◆ INPUT DATA:
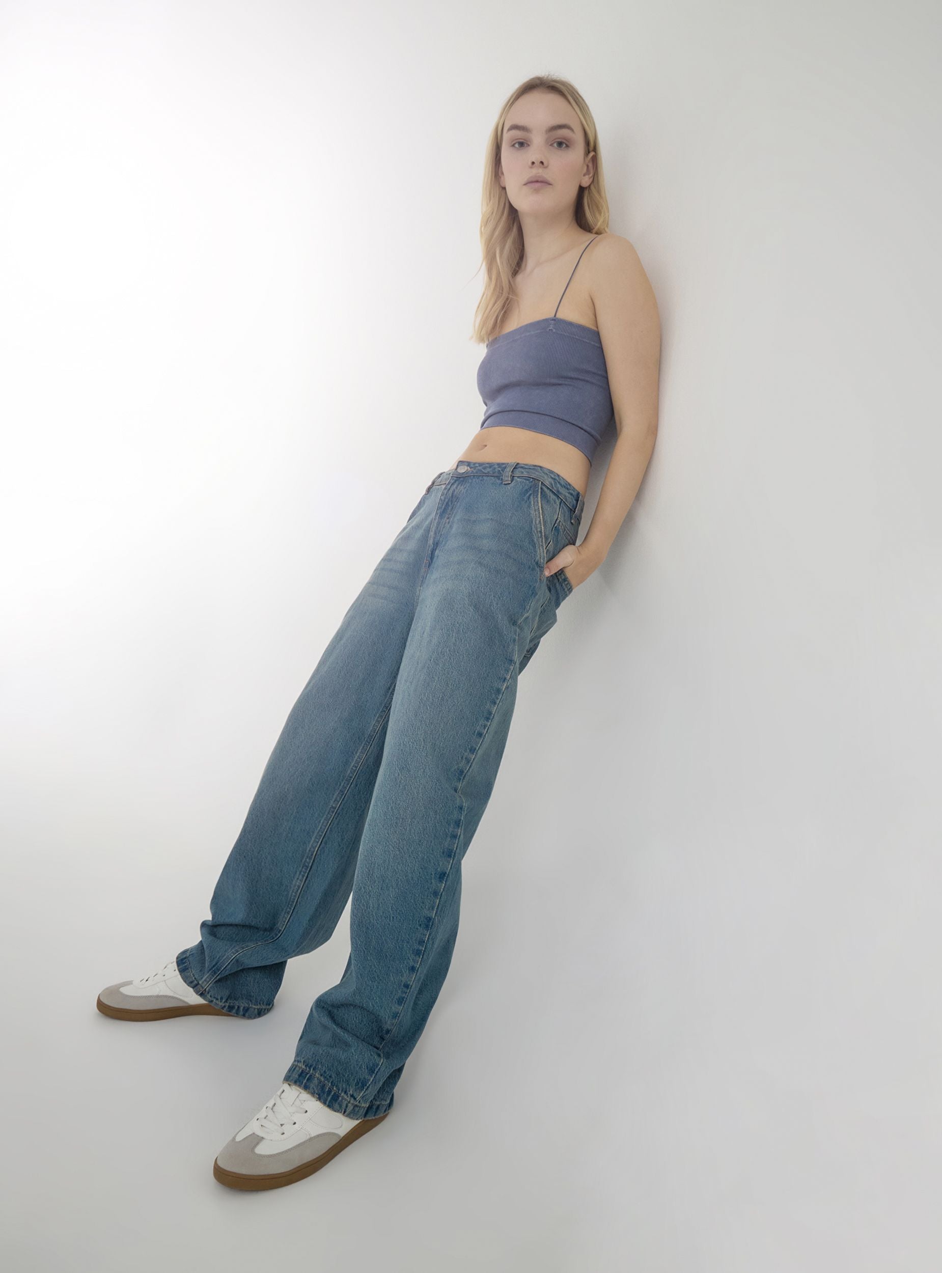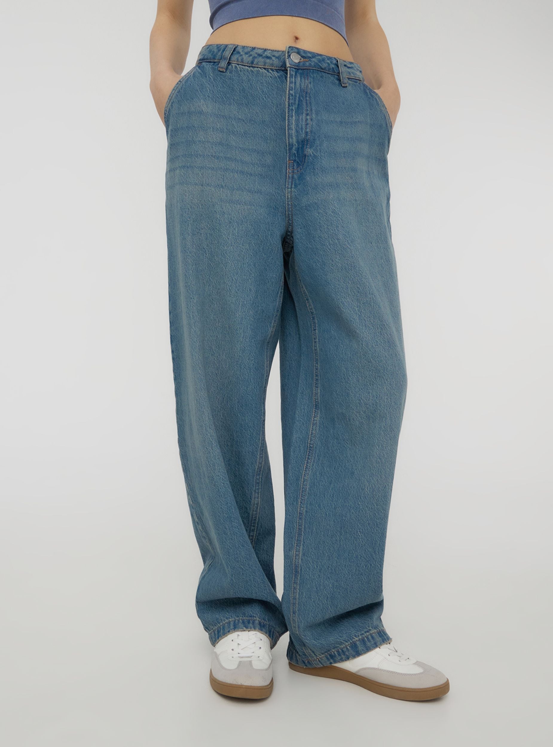 Jeans da donna dal taglio baggy, perfetti per un look rilassato e contemporaneo. Dotati di passanti in vita, tasche alla francese, chiusura con bottone e zip, si distinguono per il lavaggio denim medio che li rende versatili e alla moda. Ideali da abbinare a t-shirt oversize e sneakers per un outfit casual o a crop top e sandali per un tocco estivo e dinamico. Adatti a occasioni informali e quotidiane.Dettagli
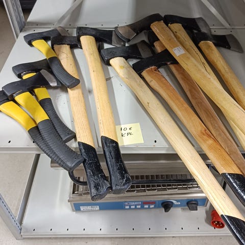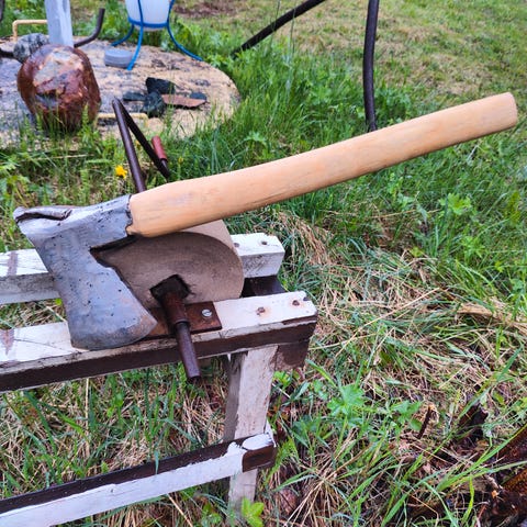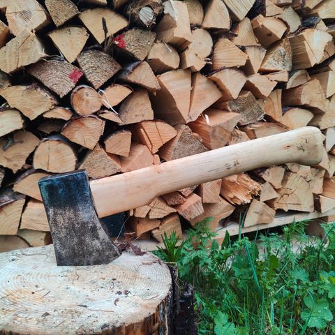 Kotimainen kirves, 60cm pitkä. Terä kaipaa perusteellista teroitusta.
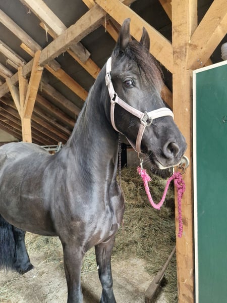 Elegante Friesen-Stute, geb. 2017, sucht neuen Besitzer Diese wunderschöne Rappstute ist eine echte Augenweide und überzeugt durch ihre beeindruckende Erscheinung sowie ihr freundliches Wesen. Mit einem Stockmaß von ca. 160 cm bietet sie die perfekte Größe für vielseitigen Einsatz und ist sowohl für Freizeitaktivitäten als auch für den täglichen Umgang bestens geeignet. Die Friese ist eine äußerst charakterstarke Rasse, bekannt für ihre elegante Erscheinung und ihr angenehmes Temperament. Sie ist sehr anhänglich manchmal aber etwas unsicher und benötigt deswegen eine sichere Person. Sie ist gesund, regelmäßig entwurmt und geimpft, und befindet sich in einem gepflegten Zustand. Die Stute ist vielseitig einsetzbar, ideal für ausgedehnte Ausritte, Spaziergänge im Gelände oder auch für die tägliche Freizeitgestaltung. Sie geht ohne probleme alleine ins Gelände. Wenn Sie auf der Suche nach einer zuverlässigen, charmanten Freizeitpartnerin sind, die mit ihrer Ausstrahlung und ihrem angenehmen Wesen begeistert, dann ist diese Friesen-Stute genau die richtige Wahl. Für weitere Informationen und einen persönlichen Eindruck stehe ich Ihnen gerne zur Verfügung.

◆ EXERCISE:
Write out again, word for word, only the lines from the one with "Kotimainen kirves, 60cm" through the last line of the material, and omit each picture.

◆ SOLUTION:
 Kotimainen kirves, 60cm pitkä. Terä kaipaa perusteellista teroitusta.
 Elegante Friesen-Stute, geb. 2017, sucht neuen Besitzer Diese wunderschöne Rappstute ist eine echte Augenweide und überzeugt durch ihre beeindruckende Erscheinung sowie ihr freundliches Wesen. Mit einem Stockmaß von ca. 160 cm bietet sie die perfekte Größe für vielseitigen Einsatz und ist sowohl für Freizeitaktivitäten als auch für den täglichen Umgang bestens geeignet. Die Friese ist eine äußerst charakterstarke Rasse, bekannt für ihre elegante Erscheinung und ihr angenehmes Temperament. Sie ist sehr anhänglich manchmal aber etwas unsicher und benötigt deswegen eine sichere Person. Sie ist gesund, regelmäßig entwurmt und geimpft, und befindet sich in einem gepflegten Zustand. Die Stute ist vielseitig einsetzbar, ideal für ausgedehnte Ausritte, Spaziergänge im Gelände oder auch für die tägliche Freizeitgestaltung. Sie geht ohne probleme alleine ins Gelände. Wenn Sie auf der Suche nach einer zuverlässigen, charmanten Freizeitpartnerin sind, die mit ihrer Ausstrahlung und ihrem angenehmen Wesen begeistert, dann ist diese Friesen-Stute genau die richtige Wahl. Für weitere Informationen und einen persönlichen Eindruck stehe ich Ihnen gerne zur Verfügung.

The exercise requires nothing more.